The big chains are coming. They've actually been on their way for some time. As the likes of Starbucks, McDonald's and Carrefour continue to expand internationally, modest communities fear that their cultural identities are being erased and their small businesses are being threatened.
Support your LOCAL coffee shop!! ☕️☕️ They appreciate your business & invest their $$ in the local community.— ?❤️CLosER TO the HeaRT?❤️ (@gilliss_steve) May 29, 2018
Often when big businesses break ground in new towns, sometimes in small neighborhoods, local residents will try to fight back by creating campaigns to encourage members of their community to shop local. But they're not always successful.
International chains usually offer the same products or services at competitive rates because they can purchase different materials and goods in bulk and for lower prices than smaller shops.
Mini markets, small cafes, and restaurants established in small communities are the ones most likely to suffer the impact of multi-million international chains opening branches next door.
And they don't only lose out because of competitive prices. At least 40% of the money people spend in small domestic businesses tends to stay within the community, which is not the case with big names like Starbucks or Carrefour.

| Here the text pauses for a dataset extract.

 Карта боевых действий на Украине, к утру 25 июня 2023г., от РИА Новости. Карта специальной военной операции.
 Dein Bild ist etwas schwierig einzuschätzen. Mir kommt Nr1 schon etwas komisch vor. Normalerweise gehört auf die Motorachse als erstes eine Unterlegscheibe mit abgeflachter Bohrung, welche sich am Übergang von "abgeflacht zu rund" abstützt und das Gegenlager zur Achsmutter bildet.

When you buy your coffee at @Starbucks $0.10 of every $1 stays in the local community but when you spend that same money at a locally owned shop more than $0.50 of each $1 stays in #PDX. Today you have to "cheat" but tomorrow you get to choose. #CheatMore https://t.co/LLGAf2YPa9— Stephen Green (@PDXStephenG) May 29, 2018
Despite campaigns to support local shops and businesses, international companies justify their plans to expand by arguing that their business contributes to local communities by creating more jobs.

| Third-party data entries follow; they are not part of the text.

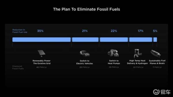 第五步,不仅是汽车这一种交通工具,还要让飞机、轮船都使用可再生能源,从而减少剩余5%的化石能源使用。马斯克甚至表示,未来还将在SpaceX上使用可再生能源。
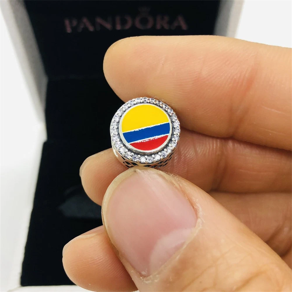Pandora Colombia Flag Bead Charm Travel Charm |S925 Sterling Silver Jewelry
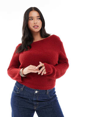 ASOS DESIGN knitted off the shoulder slouchy jumper in red

In 2012, Starbucks was able to open its first branch in India before it could expand to more than 100 shops in six main cities, sending shock waves across the coffee making industry in the country.
Most recently, banners advertising new branches of Starbucks and Carrefour in Al-Lwebdeh, one of Jordan's oldest neighborhoods, prompted local organizations to start a media campaign and a petition signed by more than 2500 people so far, to stop the new businesses from destroying local coffee shops, vegetable vendors, and Jordanian restaurants in the area.